Выбрать главу

Несмотря на интриги и преднамеренные действия Эверта и К°, стремившихся сорвать наступление генерала Брусилова в Галиции или ослабить его эффективность, прорыв неприятельской обороны был блестяще осуществлен русскими войсками Юго-Западного фронта.

Ценский вывел целую галерею военных, начиная от рядового солдата и кончая генералом. Рядом с Брусиловым — храбрые и умные генерал Гильчевский, офицер Ливенцев. Но они не могли проявить свои способности, так как война эта не была нужна ни отечеству, ни народу. Недаром же главный герой эпопеи прапорщик Ливенцев говорит: «Вопрос только в том, во имя чего мы воюем… Жертвы эти приносятся на алтарь, только какому богу? Поскольку я человек любознательный, то мне хотелось бы узнать это заранее, а не тогда, когда меня укокошат».

Умение немногими, но предельно выразительными штрихами нарисовать портрет, который сразу и надолго запоминается, — эта замечательная черта таланта Ценского оказалась неоценимой в эпопее, где более тысячи действующих лиц. Каждый портрет несет на себе большую идейную нагрузку, решает либо социальную, либо психологическую задачу. Вот образ царя.

«Владыка огромнейшей империи в мире — Николай II изумлял Брусилова и раньше, но особенно изумил теперь тем, что «не имел виду».

Толстый и короткий нос-картошка, длинные рыжие брови над невыразительными свинцовыми глазками; еще более длинные и еще более рыжие толстые усы, которые он совсем по-унтерски утюжил пальцами левой руки; какая-то неопрятного вида, клочковатая, рано начавшая седеть рыжая борода, — все это, при его низком росте и каких-то опустившихся манерах, производило тягостное впечатление».
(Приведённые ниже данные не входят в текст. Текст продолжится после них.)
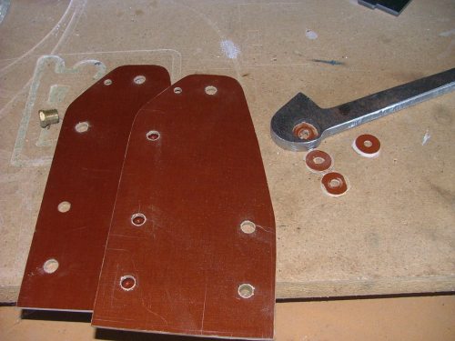 Once I got the parts home, I used the side plates as templates to cut some 3mm fibreboard. The laser can cut this stuff, but its messy and leaves a carbon rich burnt edge. As this fibreboard was to be used as a insulator, I didn't want any carbon edges, so it was easier to cut the fibreboard manually. I also used a hole saw to make up some washers.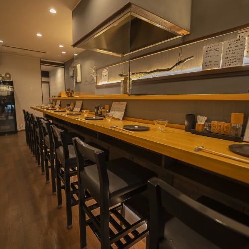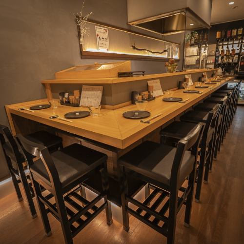 ≪もちろんおひとり様も大歓迎◎≫カウンター10席◆おひとり様やご夫婦、デートにぴったりのカウンター席♪和のテイストを感じるカウンターに照明は柔らかく、リラックスした空間を演出。落ち着いた雰囲気の中で、特別なひとときを過ごせます。落ち着いた雰囲気の当店で大切な人との素敵な時間をお楽しみください◎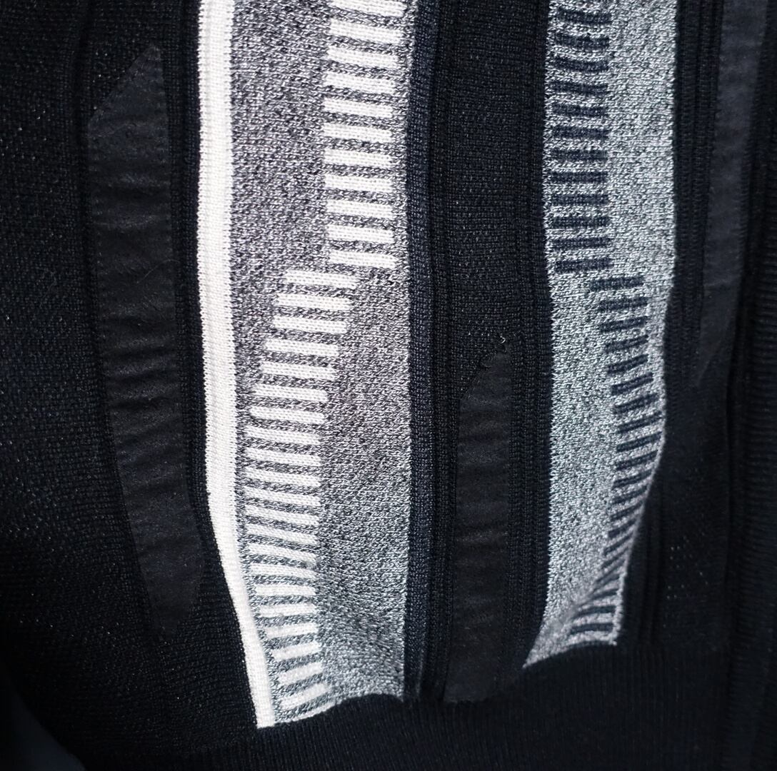 フロントに立体感のあるニッティングや幾何学模様、ピーチスキン生地などを施したスペシャルなデザイン。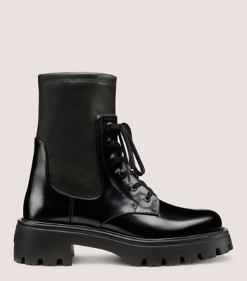 The EVERITT BOOTIE features a modern, rugged square toe and a stretch-infused shaft that nods to our signature brand code, allowing for easy slip-on without having to undo the laces. An edgy lug sole and a 50-mm block heel complete this fashion-meets-function design.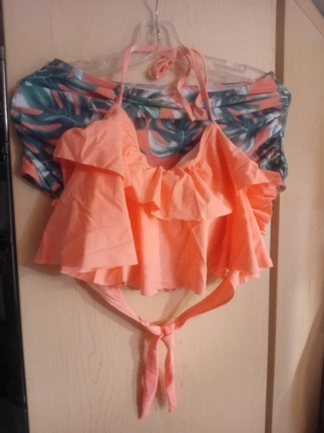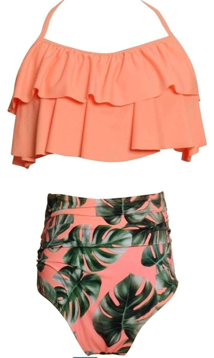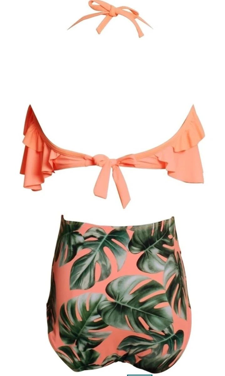 Two-piece swimsuit featuring a coral, ruffled off-the-shoulder top and high-waisted bottoms with a green leaf print. The top has adjustable straps for a secure fit. This style offers a flattering silhouette for beach or pool days.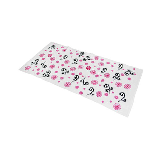 This cotton velour towel is printed with intricate patterns in red and black. Made of 100% cotton, this towel is luxuriously soft and highly stretchy. Provide a surface to lie on at the beach with this comfortable yet stylish printed towel.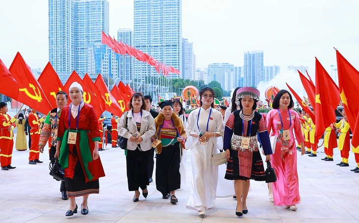 Các đại biểu đến dự Đại hội Thi đua yêu nước toàn quốc lần thứ XI tại thủ đô Hà Nội - Ảnh: TTXVN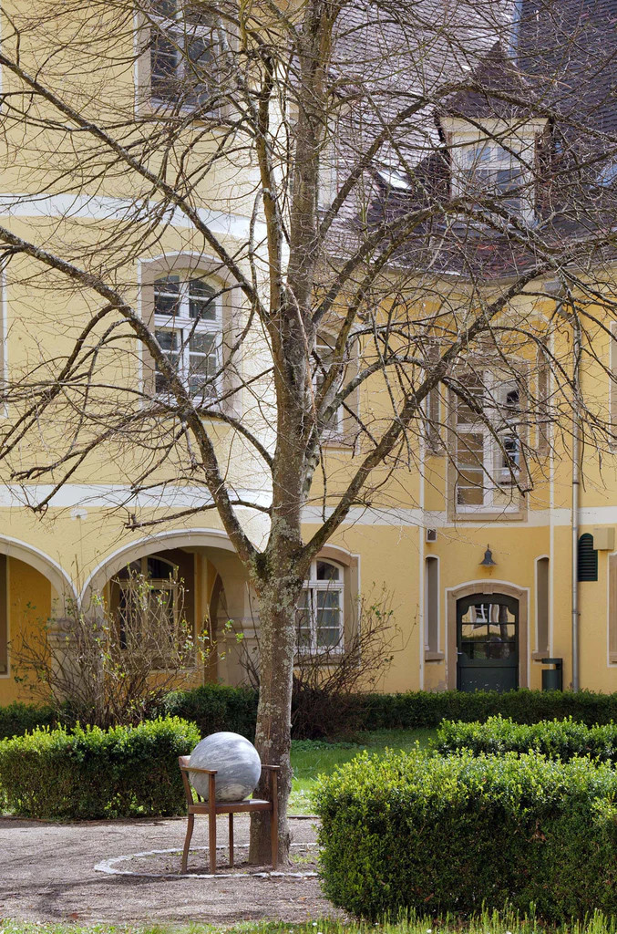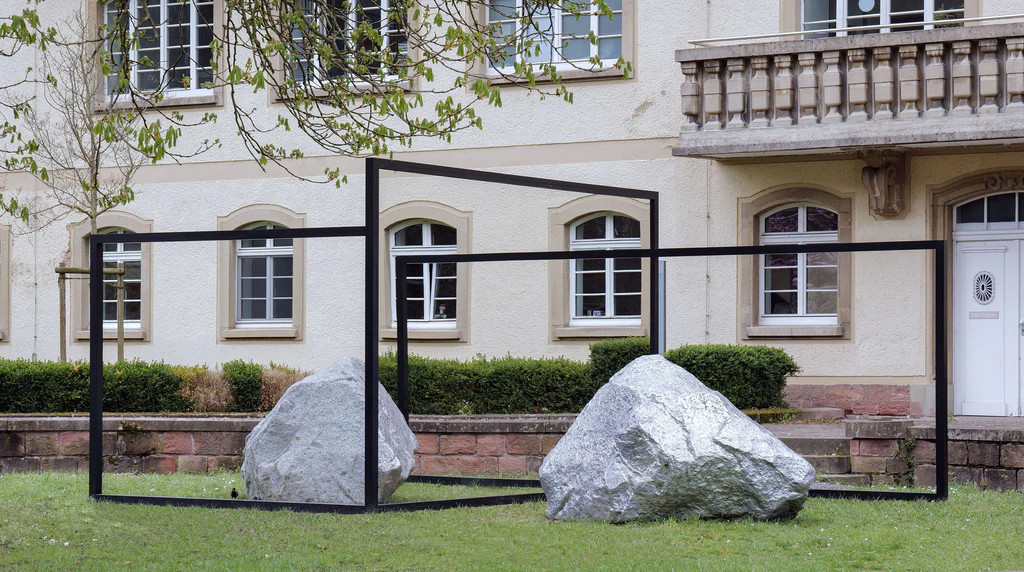 Additionally, Kwade has chosen to include two other multi-part sculptures for the park – BIG BE-HIDE, 2022 and WÄCHTER (ANSCHAUUNGSVORSTELLUNG), 2013 – as well as SIÈGE DU MONDE, 2022, featuring a marble sphere nestled within the seat of a wicker chair. BIG BE-HIDE is made of steel frames set at right angles to one another with a two-sided mirror and granite boulder placed at the nexus of the frames’ conjunction, effectively doubling both the objects contained within the sculpture and the context surrounding it.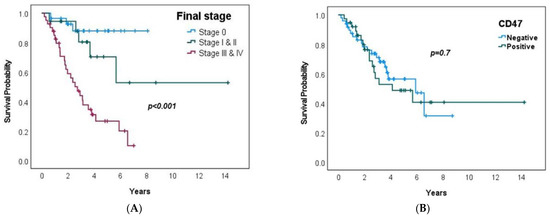 (A) (left) Kaplan–Meier curve of OS and CD47 negative or positive expression. (B) (right) Kaplan–Meier curve of OS and final staging.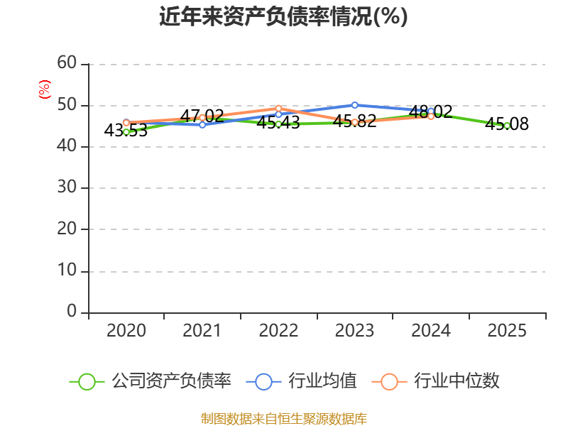负债重大变化方面,截至2025年末,公司应付票据及应付账款较上年末减少16.5%,占公司总资产比重下降5.16个百分点;长期借款较上年末增加86.48%,占公司总资产比重上升3.22个百分点;一年内到期的非流动负债较上年末减少25.8%,占公司总资产比重下降1.74个百分点;短期借款较上年末增加17.39%,占公司总资产比重上升0.76个百分点。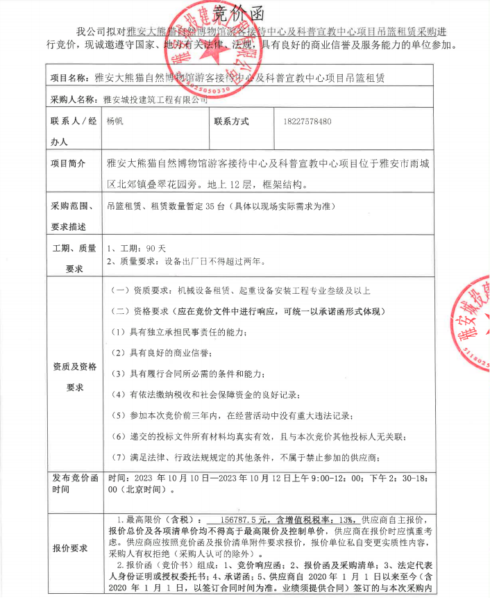 雅安大熊貓自然博物館游客接待中心及科普宣教中心項(xiàng)目吊籃租賃采購(gòu)競(jìng)價(jià)公告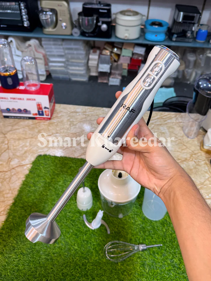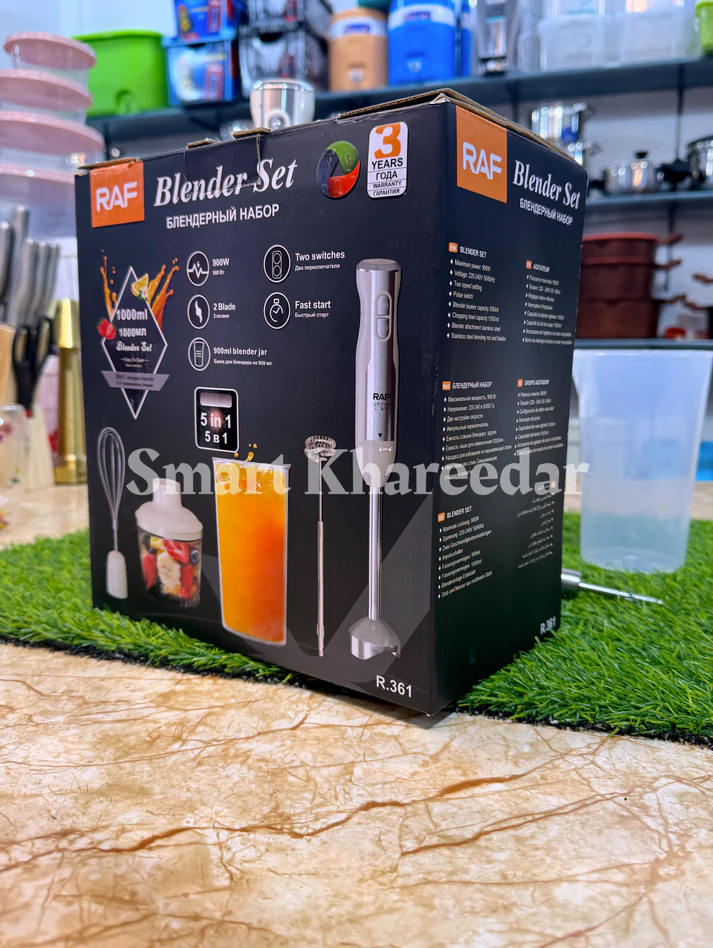 Bring efficiency and versatility to your kitchen with the Raf 5-in-1 Blender Set (Model: R.361) — a multifunctional powerhouse built to handle a wide range of food preparation tasks with ease. Featuring a robust 900 W motor, dual speed control, and multiple attachments, this all-in-one blender makes cooking faster, simpler, and more enjoyable.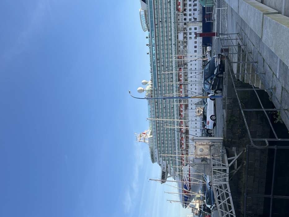 A wide shot depicts a harbor scene in A Coruña, Spain, under a clear, bright blue sky with high sunlight. The central and dominant feature is the large, white-hulled cruise ship "VENTURA" (P&O Cruises), docked on the right side of the frame. The ship displays numerous decks of balconies with light green glass and a red and blue funnel logo. To the left and in front of the cruise ship, several smaller sailboats are moored, identifiable by their tall, slender masts. In the foreground, a paved quayside extends across the lower portion of the image. On the left, a metal gangway descends from the quay towards the water. Adjacent to it is a concrete structure with a gate-like mechanism. Further right, a set of stone steps with a dark metal handrail leads down to the water level. Several vehicles are parked on the paved quay, including a dark Mercedes-Benz A-Class hatchbach centrally located, and a white convertible car further behind it. A black street lamp with two spherical white light fixtures stands prominently towards the center-right. The water visible below the quay is dark. No discernible people are individually identifiable or engaged in specific actions.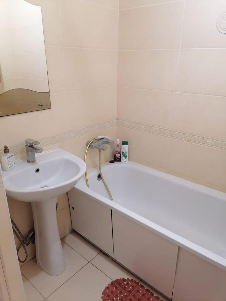 Просторная двухкомнатная квартира площадью 57 кв. м с современным интерьером. В ней есть уютная гостиная с мягким диваном и телевизором, комфортабельная спальня с двуспальной кроватью. Полностью оборудованная кухня с плитой, микроволновкой, холодильником и посудой — готовьте любимые блюда. Ванная комната с душем, санузлом и стиральной машиной. Бесплатный Wi-Fi, чистота и уют гарантированы. Квартира рассчитана на 4 гостей, идеально подходит для семьи или небольшой компании.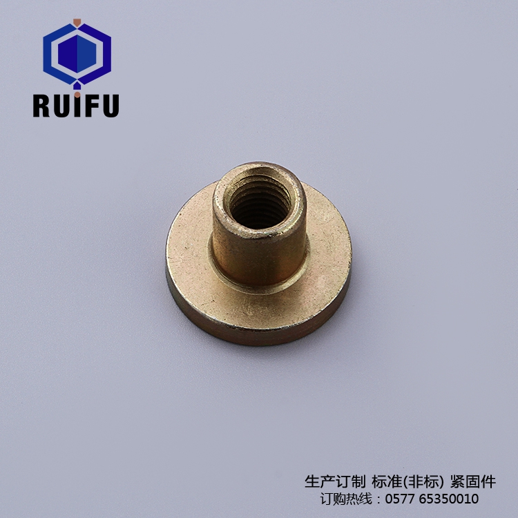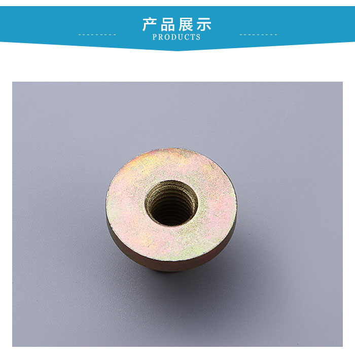 T型圓螺母包括一結構主體,該結構主體為一圓環,于產品的圓環內圈設置多組螺紋,產品的圓環包括組合連接的圓帽及支柱,產品的螺紋為倒梯形的右旋螺紋。通過內圈梯形凹槽組成螺紋,無需緊固件配合便能實現擰緊固定,結構簡單,便于大規模推廣使用,且成本低,節約資源,滿足不同領域及特殊場景的使用。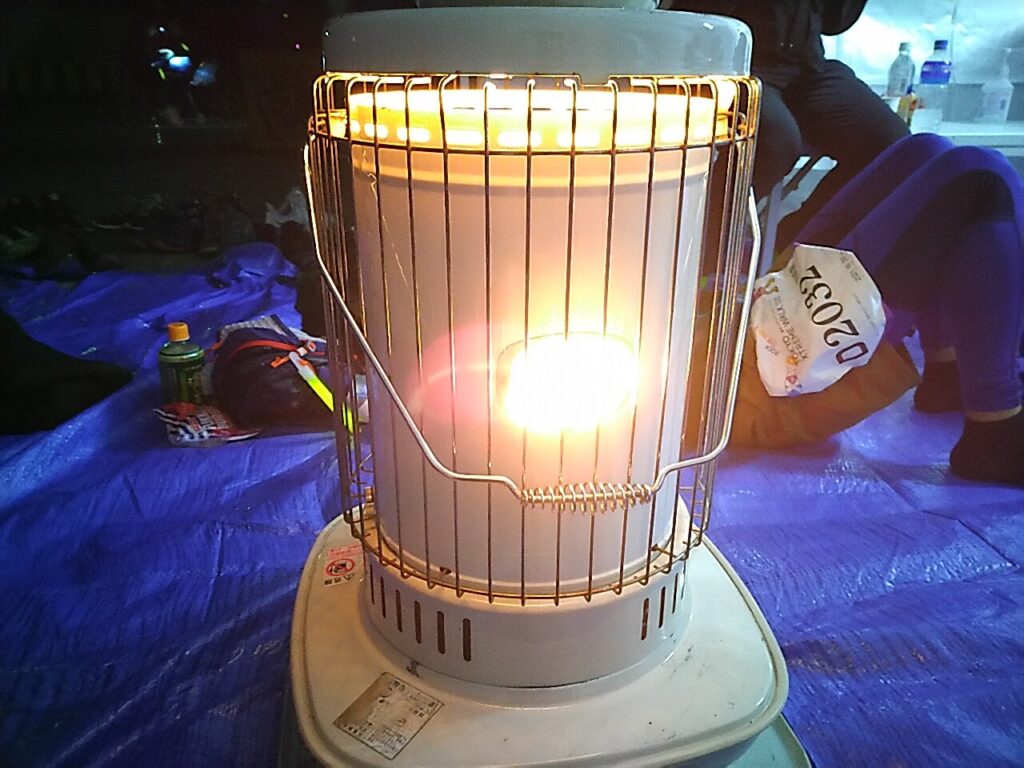 続いて第3エイドステーションの「稲毛神社」に到着。テントに入ると、ストーブのそばで仮眠。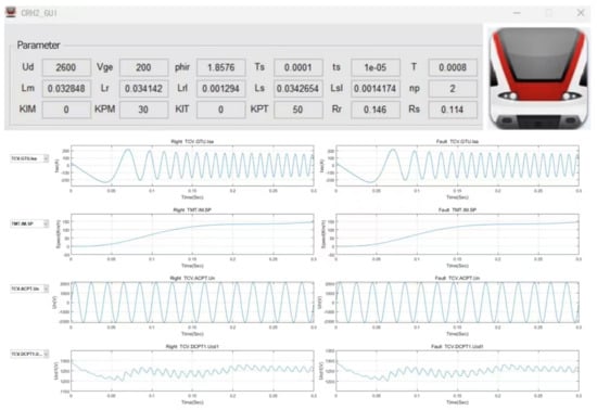 Figure 1 presents the Traction Drive Control System-Fault Injection Benchmark (TDCS-FIB) experimental platform specifically developed for high-speed EMUs by Central South University. Built upon the physical traction drive architecture of CRH2 EMUs, this platform facilitates the precise simulation and controlled injection of diverse electrical fault types. Within this simulation framework, traction motor bearing faults were replicated under controlled conditions (3-s duration with fault injection initiated at the 1-s mark). The generated simulation data (shown as in Figure 2) consists of six variables: stator winding current , , , train speed , motor rotation speed , and electromagnetic torque .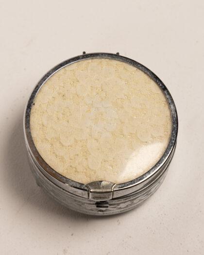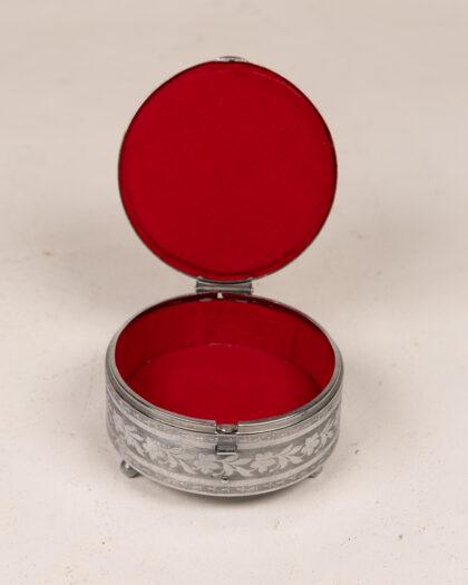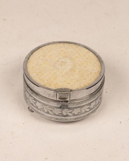 An elegant vintage silver trinket box featuring intricate floral designs.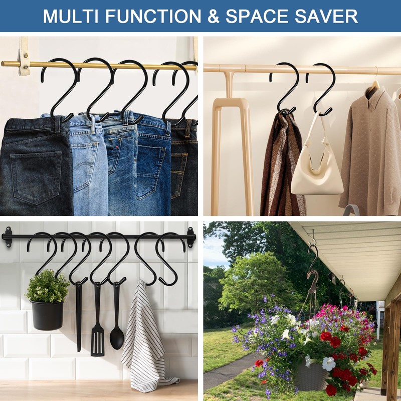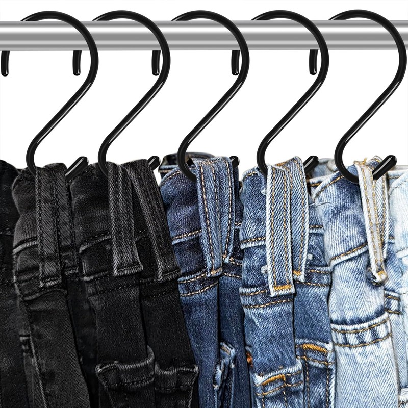 - Multipurpose S Hooks: These s hooks are great for hanging your clothes, jeans, scarves, hats, belts in the closet. You can also use s hooks for hanging pots, pans and other kitchen utensil on your pot rack. Also useful to hang towels and robes in the bathroom, and organize tools in the garage, and hang plants in your garden.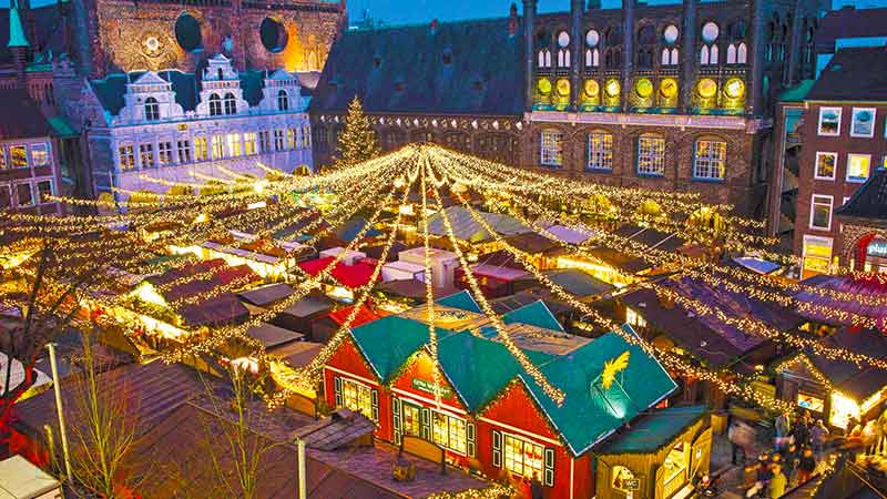 Slentre gennem Lübecks gamle bydel, der er pyntet med glitrende lys og fyldt med duften af ​​julekrydderier. Besøg de velkendte julemarkeder, hvor boderne bugner af håndlavede gaver, julepynt og lækre lokale delikatesser.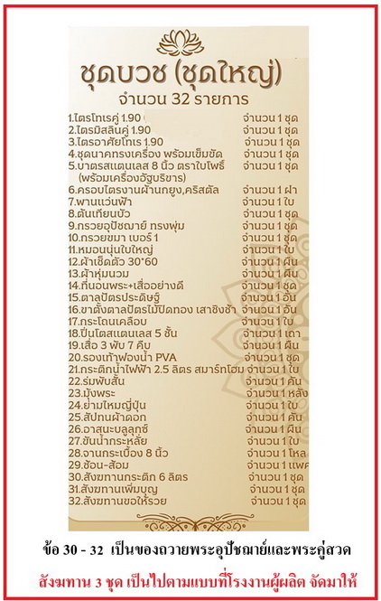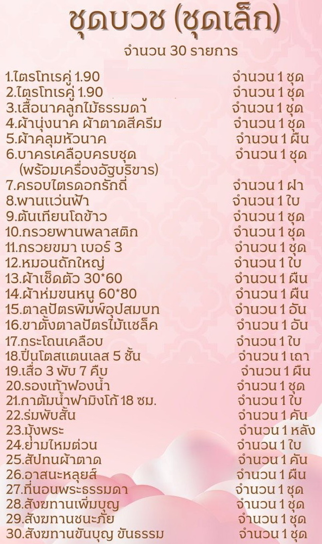 หมายเหตุ - คำว่า ครบชุดบวชขนาดเล็ก ใหญ่ ของแต่ละคนไม่เท่ากัน สอบถามเพิ่มเติม ติดต่อ ร้านสะพานบุญได้ค่ะ

Равнодушный ко всему на свете, в том числе и к самой жизни, холодный и пустой, этот человек держал в своих руках судьбу великого народа, которого он не понимал, не хотел понимать и презирал с неизменным своим равнодушием. Презирал он в равной степени и омерзительных в лакейской угодливости придворных мосек и тех, кто по его приказу на фронте отдавал «жизнь за царя».

«Царь вел. себя на смотру, как обычно: тупо смотрел на ряды солдат, державших винтовки «на караул», запаздывая поздороваться с ними; тупо смотрел, как они шагали, выворачивая в его сторону глаза и лица, — и только. Ни с малейшим задушевным словом он не обращался к тем, которые должны были проливать кровь и класть свои головы за него прежде, чем за родину: не было у него за душою подобных слов».

Он был верховным главнокомандующим, но в военные дела не вникал и не хотел вникать: ему было все равно — оборона или наступление, успех или поражение. Вот Брусилов излагает в ставке свои план наступления, тщательно обдуманный им и детально разработанный, план, осуществление которого сулило блистательную победу. «Брусилов чувствовал большой подъем, когда говорил это, но когда он посмотрел на царя, прозрачно окутанного табачным дымом, то увидел, что царь зевал. Это был не короткий, прячущийся зевок, а очень длительный, самозабвенный, раздражающий челюсти и вызывающий на глаза слезы».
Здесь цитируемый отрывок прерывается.